ASSIGNMENT:
Could you copy exactly the lines from the start of the records through the one containing "Diez compañías deben", both included, and leave out the pictures?

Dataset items

☆ ☆ ☆ ☆ ☆ ☆ ☆

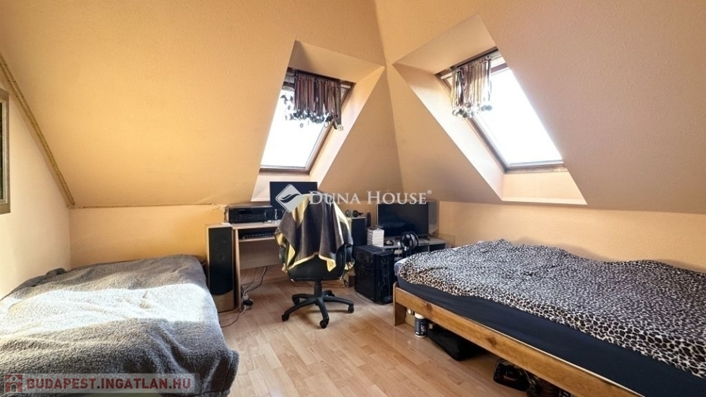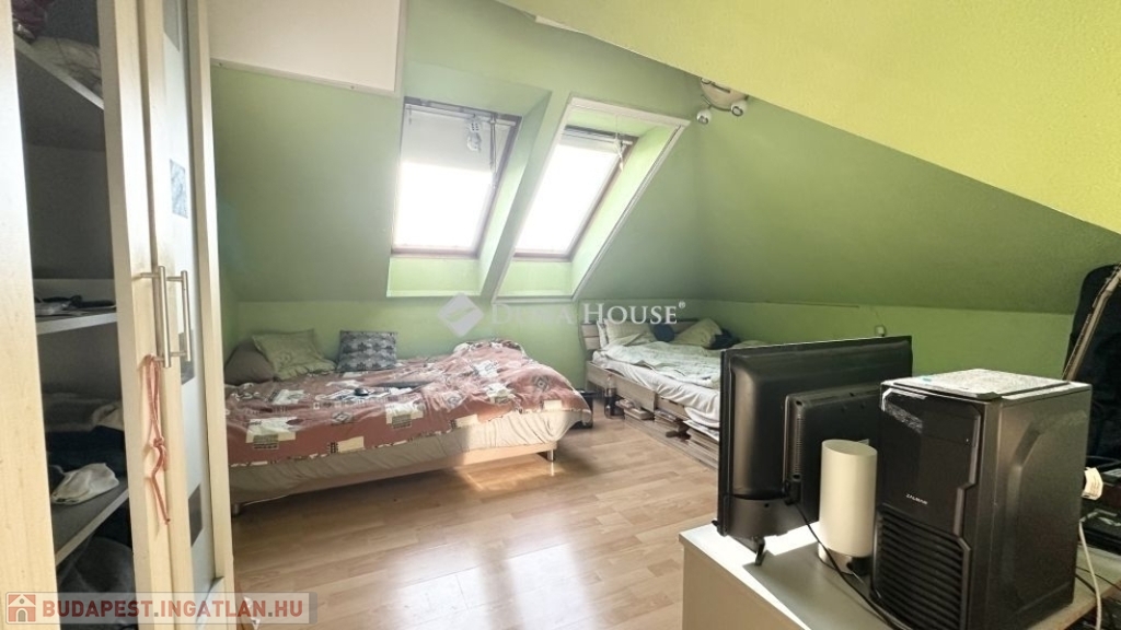 (4.ker),egy négy emeletes, sátortetős házban, egy 4. emeleti plusz tetőtéri lakás(belső kétszintes) 106 m2 összterülettel.A tetőtéri bővítés miatt a lakás hasznos alapterülete 88 m2.A lakáshoz még tartozik egy 4,5 m2 es erkély is, mely a hálószobából közelíthető meg.A társasház 1988 ban épült.A lakás tetőtéri bővítése 20 évvel ezelőtt történt, majd a későbbiekben folyamatos felújításon esett át.3 évvel ezelőtt a külső nyílászárók cseréje is megtörtént, szúnyoghálóval ellátva.A helyiségek: 4 szoba, két fürdőszoba, külön WC, konyha+étkező, előtér, közlekedő és belső lépcső.A szobák burkolata kerámia és laminált padló.A lakás hűtését 3 db klíma biztosítja.Lokáció: 2perc sétára iskola, a természet kedvelőknek a Farkas erdő nyújt lehetőséget a kikapcsolódásra. -Rex állatsziget, rakortán pálya , Halassy Olivér Városi uszoda. Gyakorló sípálya, Szilas aktívpark, Szilas kondipark a közelben.Közlekedés:14 villamos, ami bemegy egész a Lehel térig, 121,126,196,20E buszokRitkaság ilyen lokációval, és ilyen elosztással rendelkező lakást találniJöjjön el, és Győződjön meg a saját szemével is ! ! !
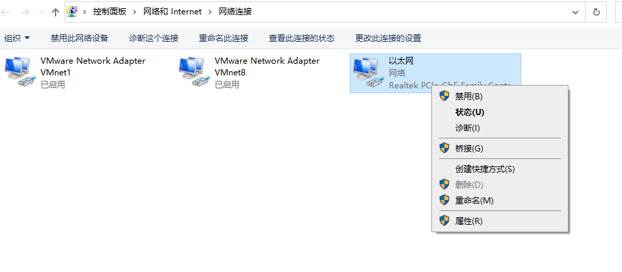 第五步- 右擊 正常使用的網絡設配器(小編目前是在使用網線,而另外兩個是虛擬機的虛擬網卡,所以就是右擊第三個),點擊屬性
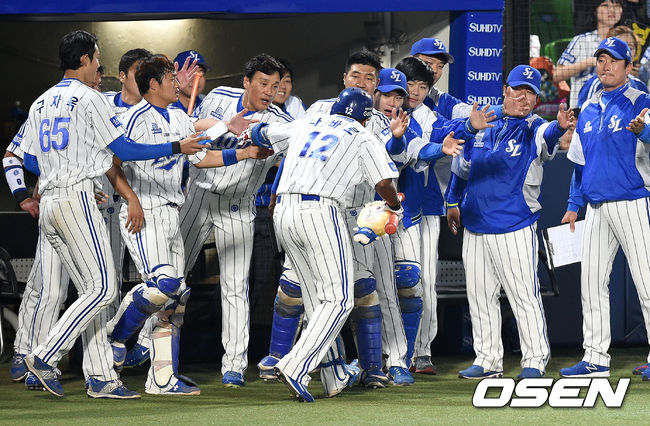 3회말 1사에서 삼성 나바로가 좌중월 솔로 홈런을 치고 더그아웃에서 동료들의 축하를 받고 있다.
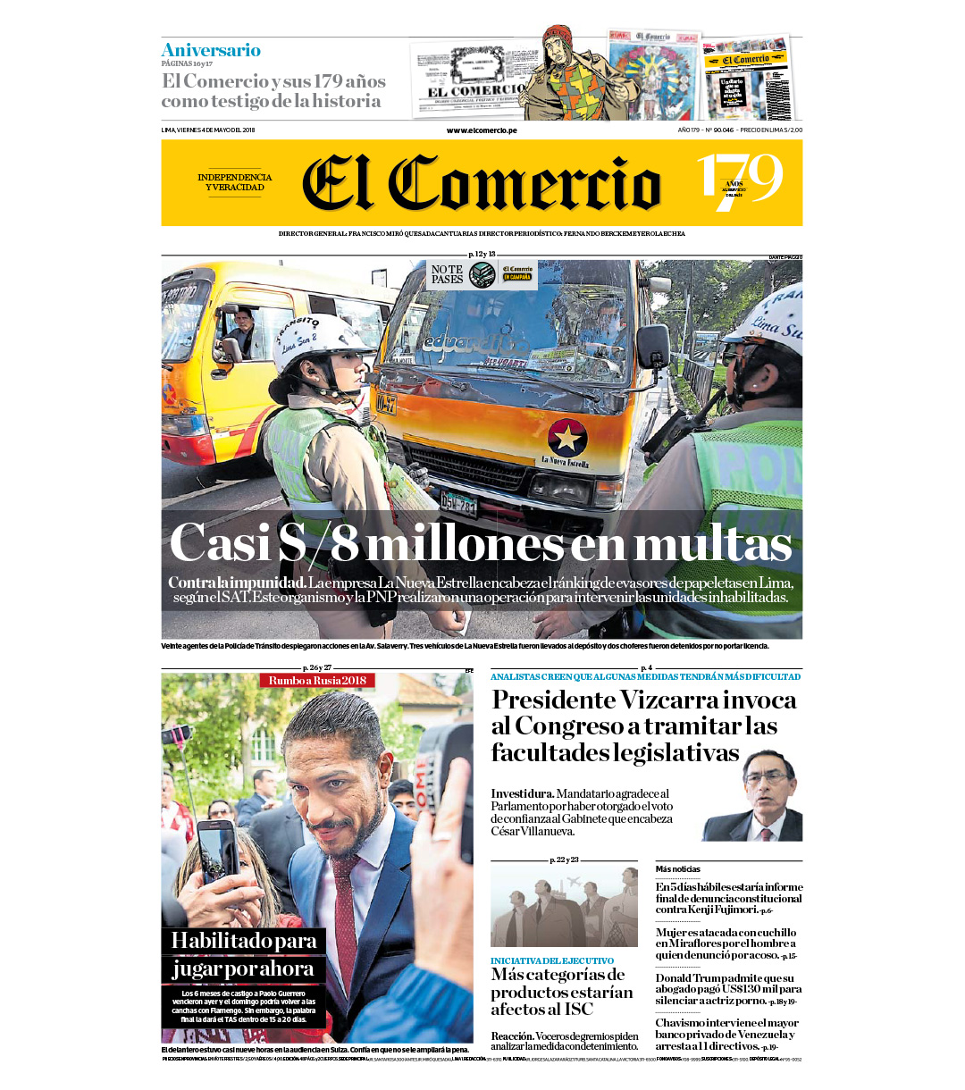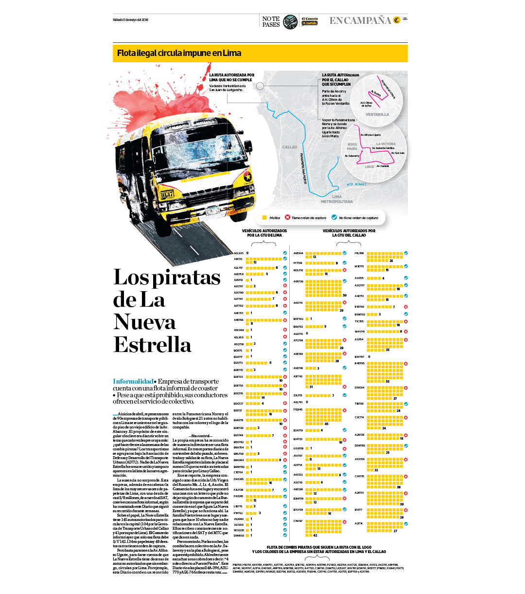 Diez compañías deben más de S/45 millones en infracciones. En primer lugar, se ubica La Nueva Estrella que adeuda al SAT cerca de S/8 millones en papeletas, tiene más de 40 unidades con órdenes de captura y opera con una flota pirata. Pese a todo, en la última gestión del ex alcalde de Lima, Luis Castañeda, se renovó en dos oportunidades la autorización de todas estas empresas y en lugar de limitar el ingreso de combis y coasters a la ciudad, se inscribieron 4.665 vehículos de transporte público, al ritmo de tres unidades cada 24 horas y al menos una de ellas era una combi.
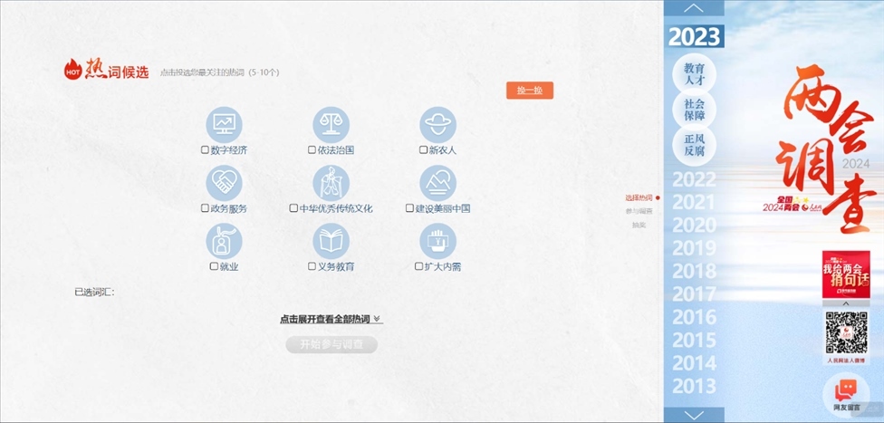 1、登錄人民網(wǎng)2024年全國兩會調(diào)查頁面。
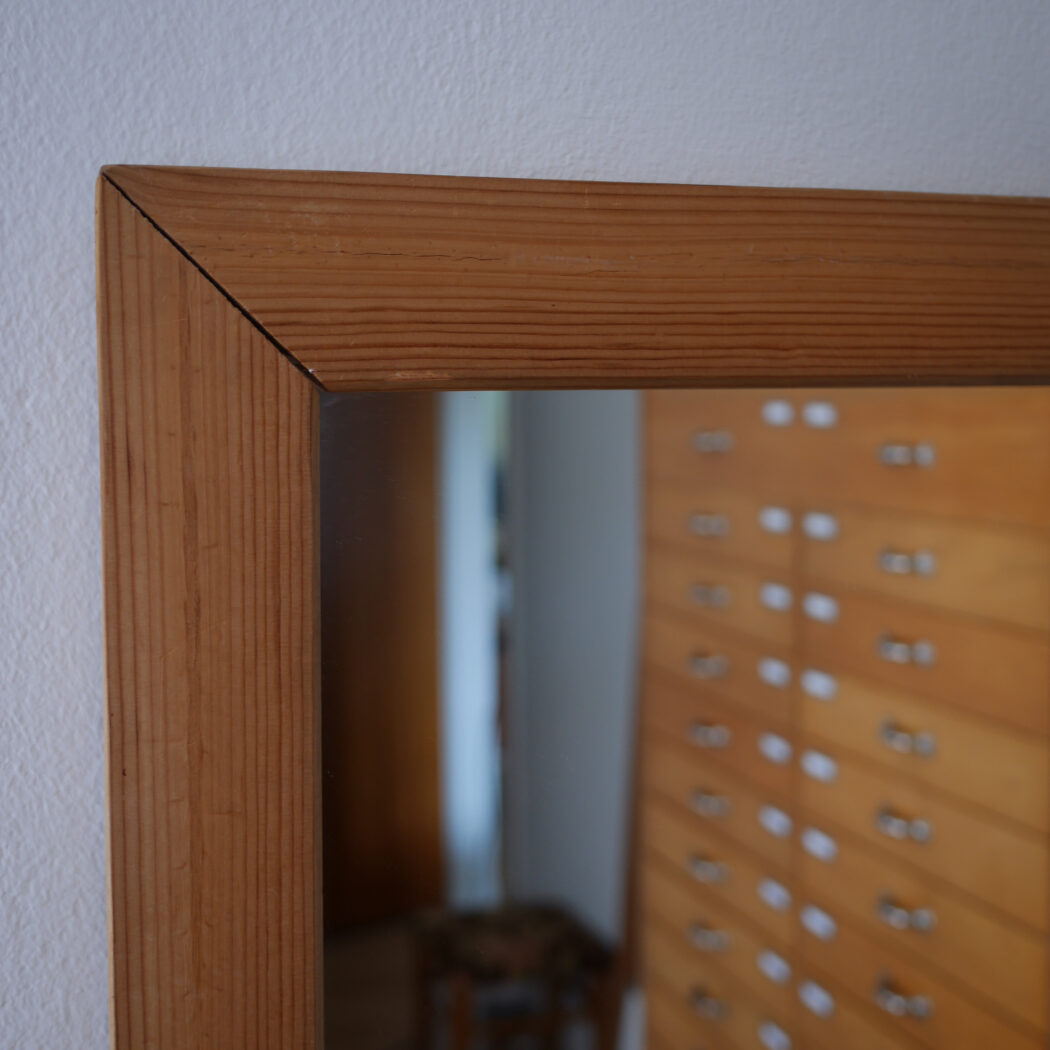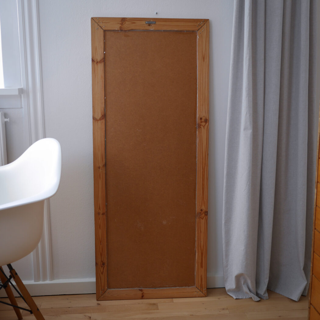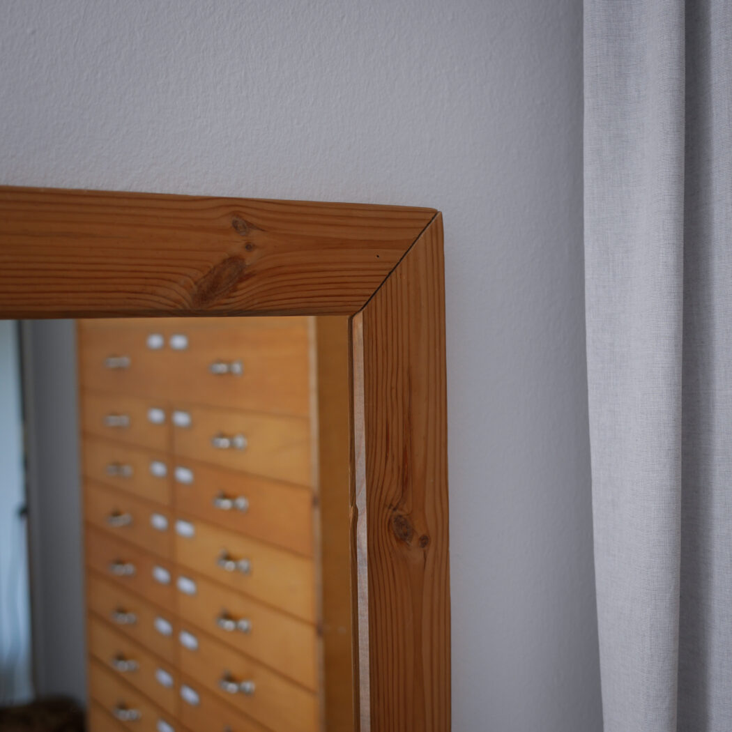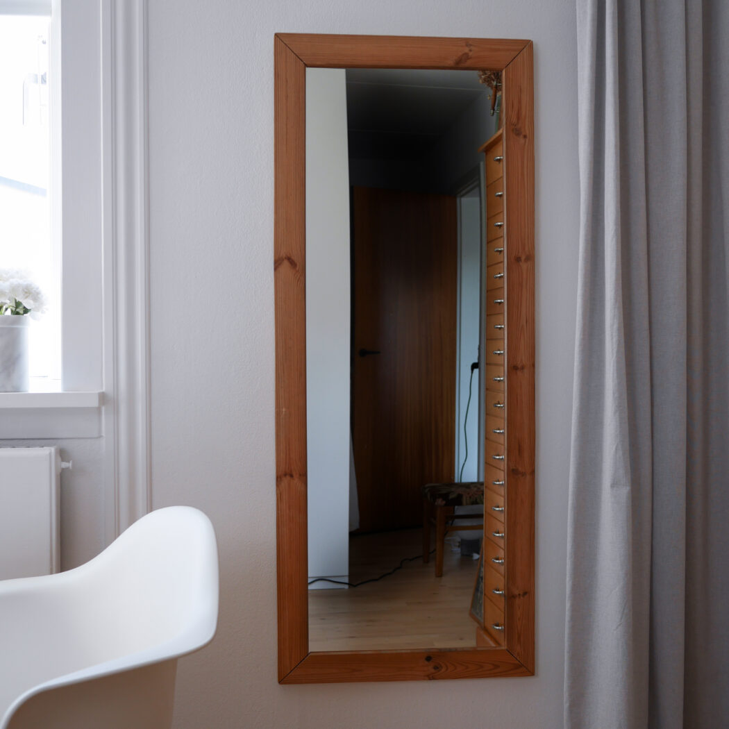 Et højt ældre spejl til væggen med en lys træramme i fyrretræ. En god størrelse, som kan vise kroppen i hel figur. Hæng det op på væggen eller lad det stå på gulvet – begge dele er flot! Et spejl i pæn stand fra Sverige.
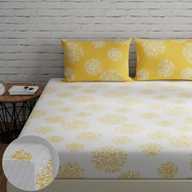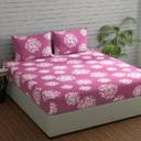 Huesland Cotton King Fitted (Elastic) 144 TC Geometric Bedsheet (Pack of 1, Mauve)

☆ ☆ ☆ ☆ ☆ ☆ ☆

TASK RESULT:
 (4.ker),egy négy emeletes, sátortetős házban, egy 4. emeleti plusz tetőtéri lakás(belső kétszintes) 106 m2 összterülettel.A tetőtéri bővítés miatt a lakás hasznos alapterülete 88 m2.A lakáshoz még tartozik egy 4,5 m2 es erkély is, mely a hálószobából közelíthető meg.A társasház 1988 ban épült.A lakás tetőtéri bővítése 20 évvel ezelőtt történt, majd a későbbiekben folyamatos felújításon esett át.3 évvel ezelőtt a külső nyílászárók cseréje is megtörtént, szúnyoghálóval ellátva.A helyiségek: 4 szoba, két fürdőszoba, külön WC, konyha+étkező, előtér, közlekedő és belső lépcső.A szobák burkolata kerámia és laminált padló.A lakás hűtését 3 db klíma biztosítja.Lokáció: 2perc sétára iskola, a természet kedvelőknek a Farkas erdő nyújt lehetőséget a kikapcsolódásra. -Rex állatsziget, rakortán pálya , Halassy Olivér Városi uszoda. Gyakorló sípálya, Szilas aktívpark, Szilas kondipark a közelben.Közlekedés:14 villamos, ami bemegy egész a Lehel térig, 121,126,196,20E buszokRitkaság ilyen lokációval, és ilyen elosztással rendelkező lakást találniJöjjön el, és Győződjön meg a saját szemével is ! ! !
 第五步- 右擊 正常使用的網絡設配器(小編目前是在使用網線,而另外兩個是虛擬機的虛擬網卡,所以就是右擊第三個),點擊屬性
 3회말 1사에서 삼성 나바로가 좌중월 솔로 홈런을 치고 더그아웃에서 동료들의 축하를 받고 있다.
 Diez compañías deben más de S/45 millones en infracciones. En primer lugar, se ubica La Nueva Estrella que adeuda al SAT cerca de S/8 millones en papeletas, tiene más de 40 unidades con órdenes de captura y opera con una flota pirata. Pese a todo, en la última gestión del ex alcalde de Lima, Luis Castañeda, se renovó en dos oportunidades la autorización de todas estas empresas y en lugar de limitar el ingreso de combis y coasters a la ciudad, se inscribieron 4.665 vehículos de transporte público, al ritmo de tres unidades cada 24 horas y al menos una de ellas era una combi.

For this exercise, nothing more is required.